Murray threw for 104 yards and ran for 28 more in a driving rain most of the afternoon, but did not have a turnover. Jones had 223 yards passing with a touchdown but had the interception and two costly fumbles, including one with less than three minutes remaining.
It's the continuation of a troubling trend for the Giants' rookie. He has 12 turnovers this season and 11 in his five starts. Jones has thrown at least one interception in four straight games and has six touchdown passes and seven interceptions this season.
Some of it is understandable considering he's a rookie under relentless pressure (sacked eight times by the Cardinals) who is learning on the job. That's the whole point of him playing this season instead of Eli Manning. But it's something he'll need to improve drastically moving forward if the Giants (2-5) are going to become a winning team.
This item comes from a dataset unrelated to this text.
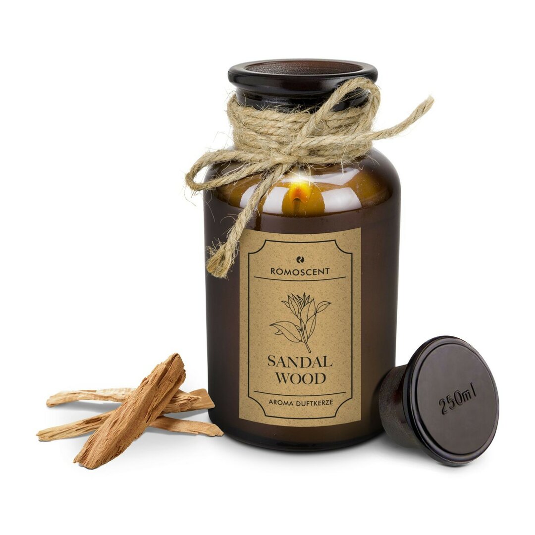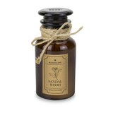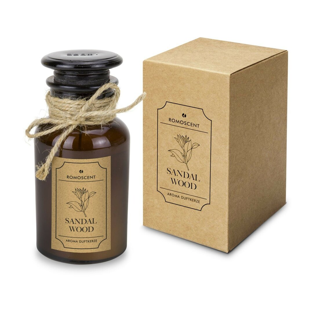 Originelle Aromakerze in einer Apothekerflasche mit passendem Glaskorken, Etikett und Jutedekoration. Der authentische Duft von Sandelholz enthält süssliche Noten in Kombination mit erdig-holzigen Gerüchen, und wirkt zugleich anregend und beruhigend auf Körper, Geist und Seele.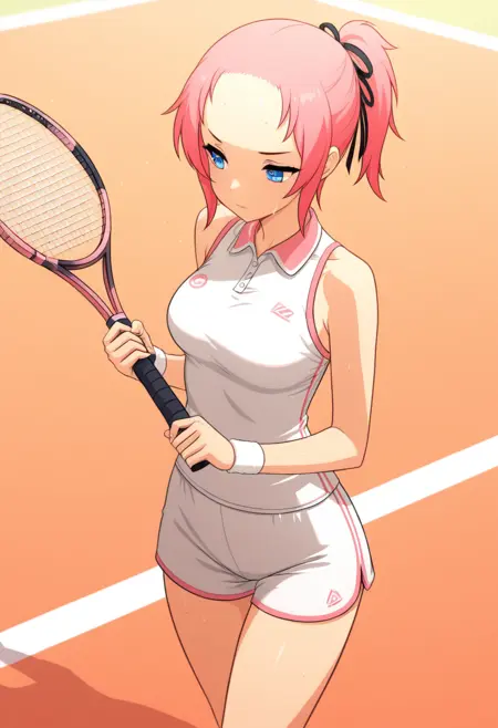 cerisediez, pink hair, short hair, forehead, blue eyes, hair ribbon, ponytail,

It's hard to win with a turnover differential at minus-9. The Giants came into Sunday 31st in turnover differential and were minus-2 against the Cardinals.
Pivotal play: Michael Thomas burst up the middle and blocks Andy Lee's punt in the end zone. Elijhaa Penny jumps on it in the end zone for the touchdown. It put the Giants back in the game, making it 17-14 before halftime despite an awful start.
As I was told during the week, "Watch out for the Giants special teams." They were ticked coming into the game after allowing a blocked punt for a touchdown and seeing their special teams rankings having been knocked down a few pegs in recent weeks.
The Giants entered this week 25th in Football Outsiders' special teams rankings. They finished third last season.
Troubling trend: Coach Pat Shurmur lost a challenge in the first quarter trying to get a pass interference call against Janoris Jenkins where it appeared that Arizona's Trent Sherfield tripped on the play. The officials declared that the 25-yard penalty would stand after a review.
Shurmur, who promised an "epic" rant on the officiating and the new rule that allows teams to review pass interference penalties, is now 0-for-5 on replay challenges this year. He's 0-for-4 on pass interference challenges.